CHALLENGE: Use srun to set yourself up with a 10 minute session on high2; then, in the session, use squeue -u to find the job ID of your session; then, scancel it. Alternatively, you can cancel ALL your jobs with scancel -u.

10.4 More on resources and queues and sharing

10.4.1 Measuring your resource usage

There’s an old joke that you can tell to your kids if you want to teach them to distrust you.

Do you know how they figure out what the weight limits are on bridges?

They build the bridge, and then they run bigger and bigger trucks over it until the bridge fails. Then they record the weight of the last truck that succeeded in crossing the bridge, and use that as the weight limit for the bridge.

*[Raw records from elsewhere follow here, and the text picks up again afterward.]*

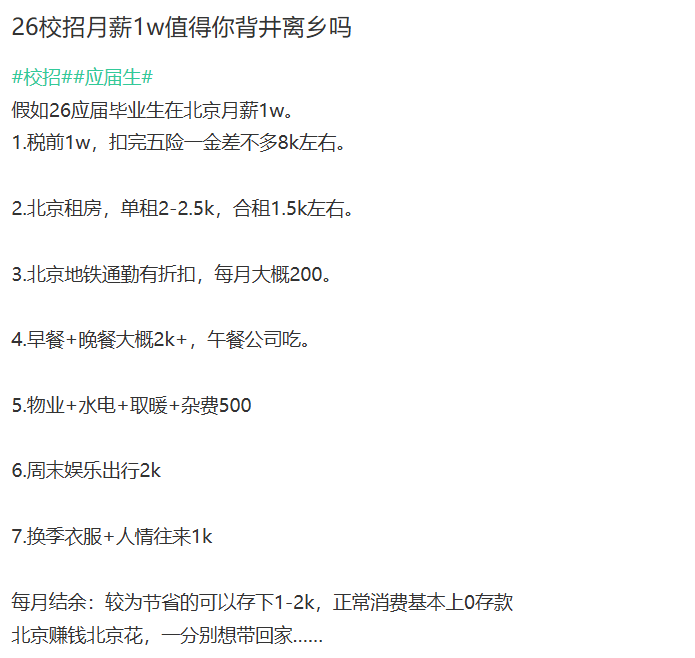 近日,一条帖子引发热议:拿到北京月薪1万的offer,本以为实现了经济独立,但在支付房租、通勤、餐饮、杂费等一连串开销后,才发现“北京赚钱北京花,一分也别想带回家”。
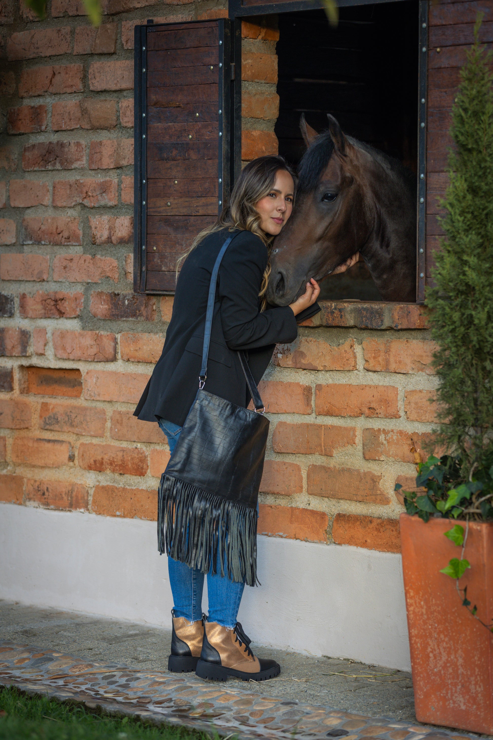 Bolso fabricado en cuero napa confección con flecos, correa graduable y bolsillo interno
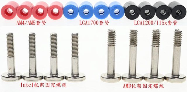 ▼AM4/AM5紅色套管、LGA1700藍色套管、LGA1200/115x黑色套管、Intel托架固定螺絲、
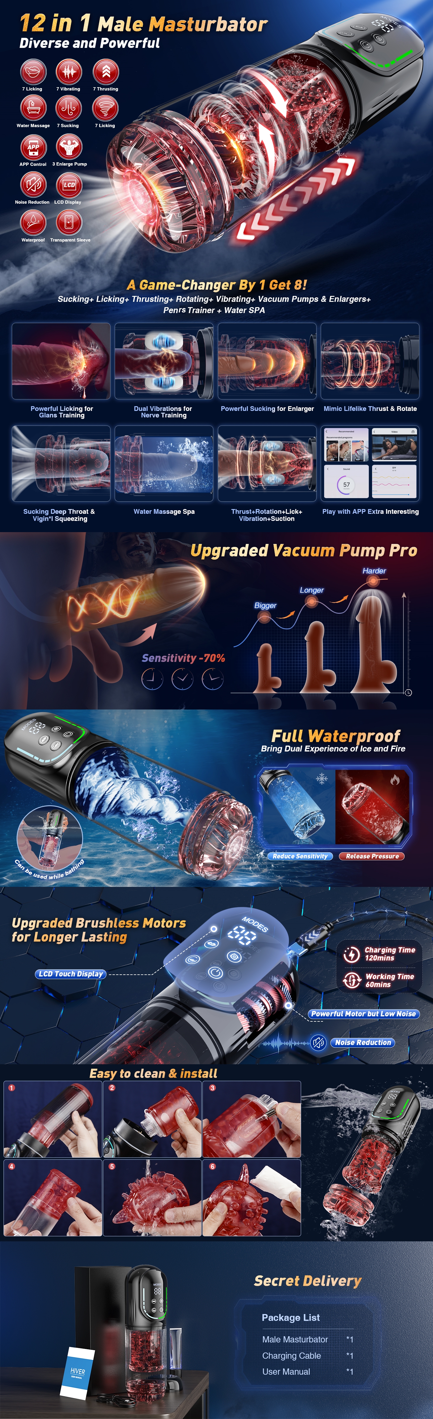 Multifunktionales Lustgerät: Kombiniert Stoßen, Rotieren, Saugen, Lecken, Vibrieren, Vakuumpumpen, Penistraining und wasserdichte Spa-Massage – ein Allrounder für ultimative Stimulation.

It’s funny because it’s not true…

…unless you’re doing big compute, in which case it’s basically exactly that.

For Reasons, there is no one-size-fits-all 100% reliable way to estimate the resources needed. But you can measure the resources used when a job completes successfully!

(For this reason, I suggest that the first time you run a job, you request more resources than you think you’ll need - more time, more memory - and then trim it back after measuring it.)

There are two ways to estimate your resources.

First, you can use /usr/bin/time -v to measure the time and memory needed to run a command.

You’re looking for the following output:

...
Elapsed (wall clock) time (h:mm:ss or m:ss): 0:00.03
...
Maximum resident set size (kbytes): 2516
...

The first is how much time it took, the second is the max amount of memory (in kb) needed.

You can use this to measure the amount of time it takes to run a script.

CHALLENGE: Use /usr/bin/time -v to run the HelloWorld.sh script. What resources does it need?

The other way is to add the following command to the bottom of your HelloWorld.sh script:

sstat –format ‘JobID,MaxRSS,AveCPU’ -P ${SLURM_JOB_ID}.batch

which will put the following output in your .out file:

JobID|MaxRSS|AveCPU
37971877.batch|952K|00:00.000

OPTIONAL CHALLENGE: Let’s do this to look at the snakemake workflow!

Steps:

10.4.2 Nodes vs CPUs vs tasks

You will at some point see slurm docs making distinctions between nodes, tasks, and CPUs per task.

My advice for people just beginning to work with slurm is to ignore all of this until you need it, and just use -c or --cpus-per-task, and leave -N and -n set at 1 (which is the default).

That having been said… here’s what they mean:

  • Node: A physical box that connects memory systems with extension cards and CPU cores.
  • CPU Core: An independent computing unit that can access a certain number of CPU threads with all the threads having independent input streams but sharing the core’s total memory.
  • tasks: A way to organize tasks that may have multiple CPUs per each task.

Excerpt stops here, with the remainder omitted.